WHAT YOU SHOULD DO ▸ No picture belongs in the copy. Repeat each line below exactly.

DATASET CONTENT ▸
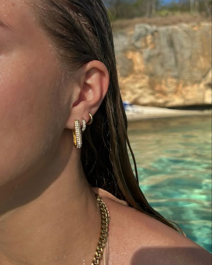 925 Classic Waterproof Pave Hoop Huggies Earrings
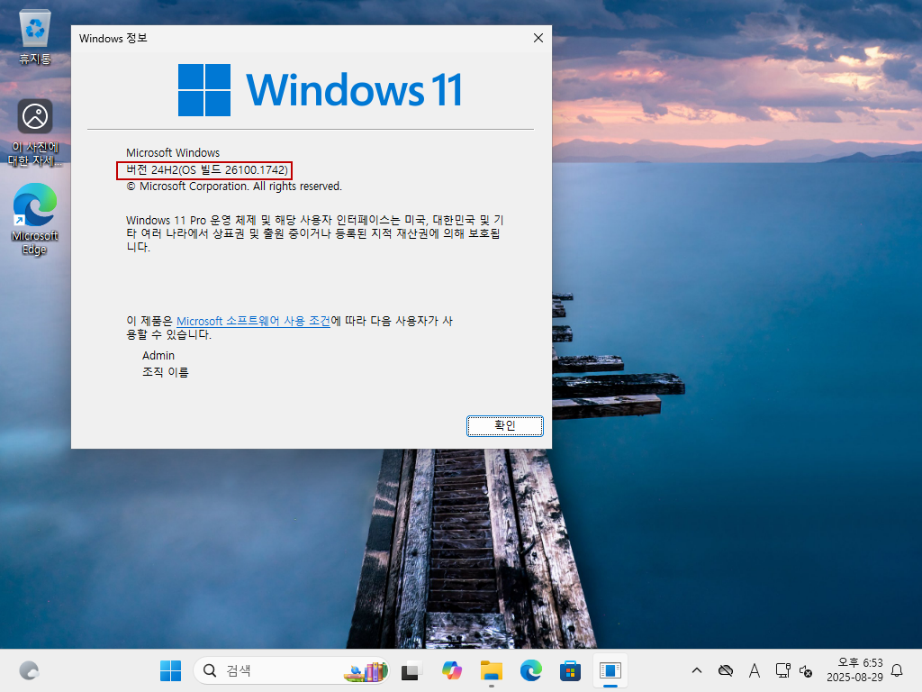 1. 현재 빌드는 24H2 빌드 26100.1742 정식 순수 버전이 설치된 상태
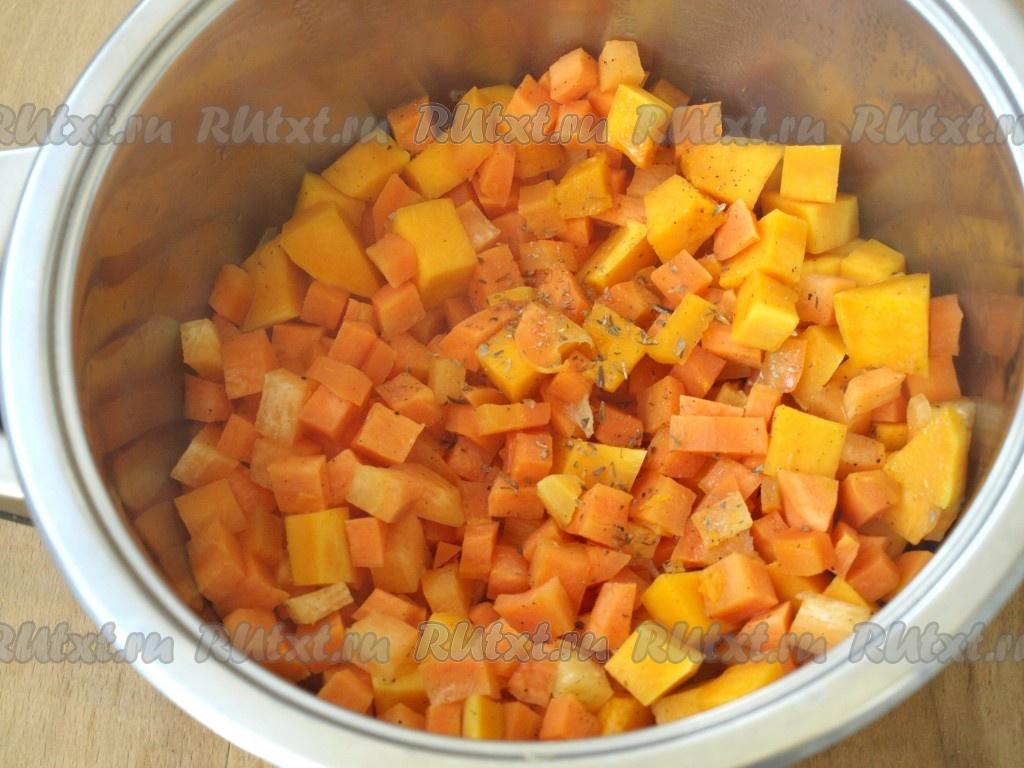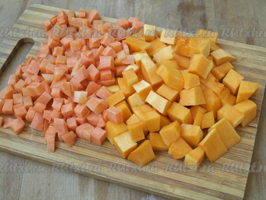 Очищенные тыкву и морковь нарезать на небольшие кубики.

THE ANSWER ▸
 925 Classic Waterproof Pave Hoop Huggies Earrings
 1. 현재 빌드는 24H2 빌드 26100.1742 정식 순수 버전이 설치된 상태
 Очищенные тыкву и морковь нарезать на небольшие кубики.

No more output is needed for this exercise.